• **BRIEF**:
The copy you return must match the listing word for word and carry no pictures.

• **STORED DATA**:
##############################
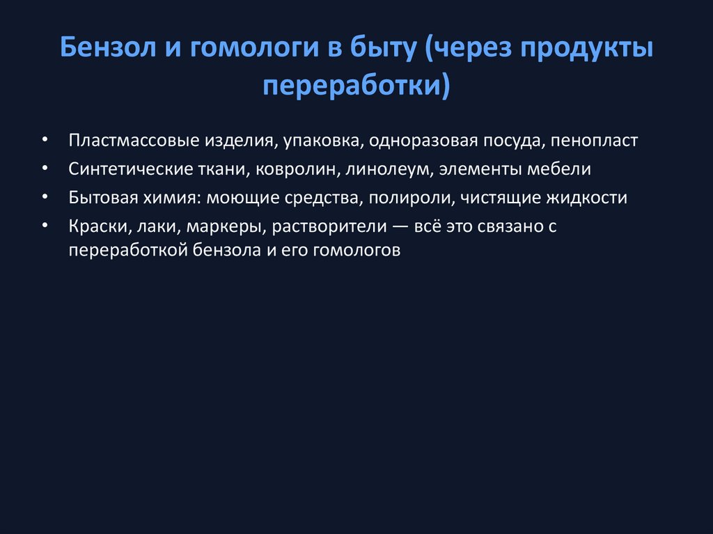 • Одновременно бензол токсичен и канцерогенен → важны знание
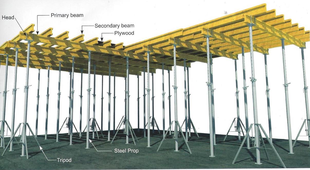 القوالب المرنة عبارة عن نظام معياري يتكون من عوارض أولية وثانوية مصنوعة من عوارض خشبية H20 ودعائم فولاذية وحوامل ثلاثية القوائم وموصلات زاوية ورؤوس.تم تصميم العوارض الخشبية بحيث يمكن تجميعها وتفكيكها بسهولة، كما أنها محمية بمصد بلاستيكي لضمان عمر افتراضي طويل.توفر الدعامات الفولاذية والحوامل الثلاثية الدعم للنظام وتسمح بتعديل ارتفاع القوالب المرنة.تُستخدم الرؤوس لدعم العوارض الأولية ويتم ربطها بالدعائم الفولاذية.يتم توصيل الحزم الأولية والثانوية بواسطة موصلات زاوية.
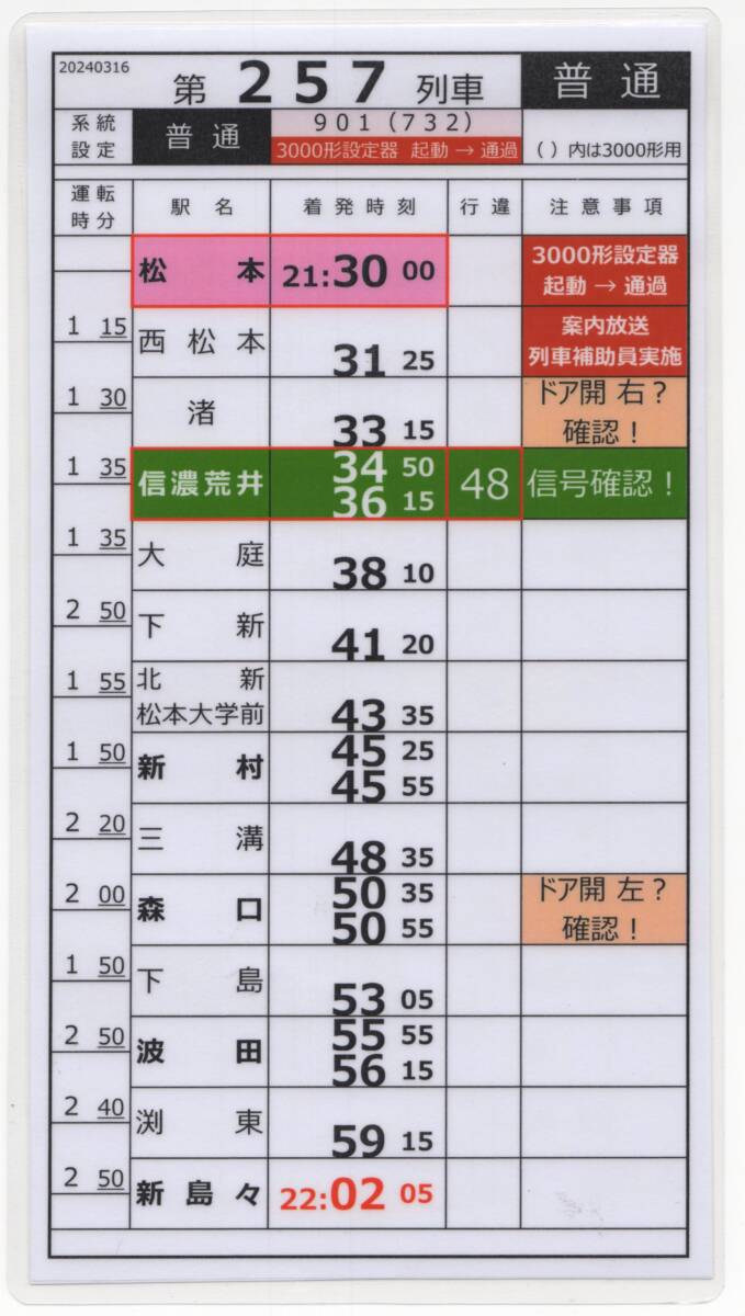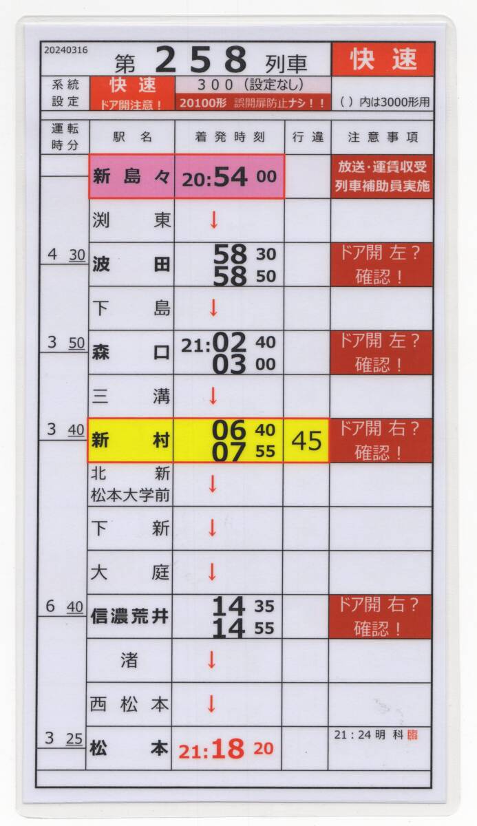 【アルピコ交通】運転士仕業表/第258列車(快速)・第257列車(普通)
##############################
• **RESULT**:
 • Одновременно бензол токсичен и канцерогенен → важны знание
 القوالب المرنة عبارة عن نظام معياري يتكون من عوارض أولية وثانوية مصنوعة من عوارض خشبية H20 ودعائم فولاذية وحوامل ثلاثية القوائم وموصلات زاوية ورؤوس.تم تصميم العوارض الخشبية بحيث يمكن تجميعها وتفكيكها بسهولة، كما أنها محمية بمصد بلاستيكي لضمان عمر افتراضي طويل.توفر الدعامات الفولاذية والحوامل الثلاثية الدعم للنظام وتسمح بتعديل ارتفاع القوالب المرنة.تُستخدم الرؤوس لدعم العوارض الأولية ويتم ربطها بالدعائم الفولاذية.يتم توصيل الحزم الأولية والثانوية بواسطة موصلات زاوية.
 【アルピコ交通】運転士仕業表/第258列車(快速)・第257列車(普通)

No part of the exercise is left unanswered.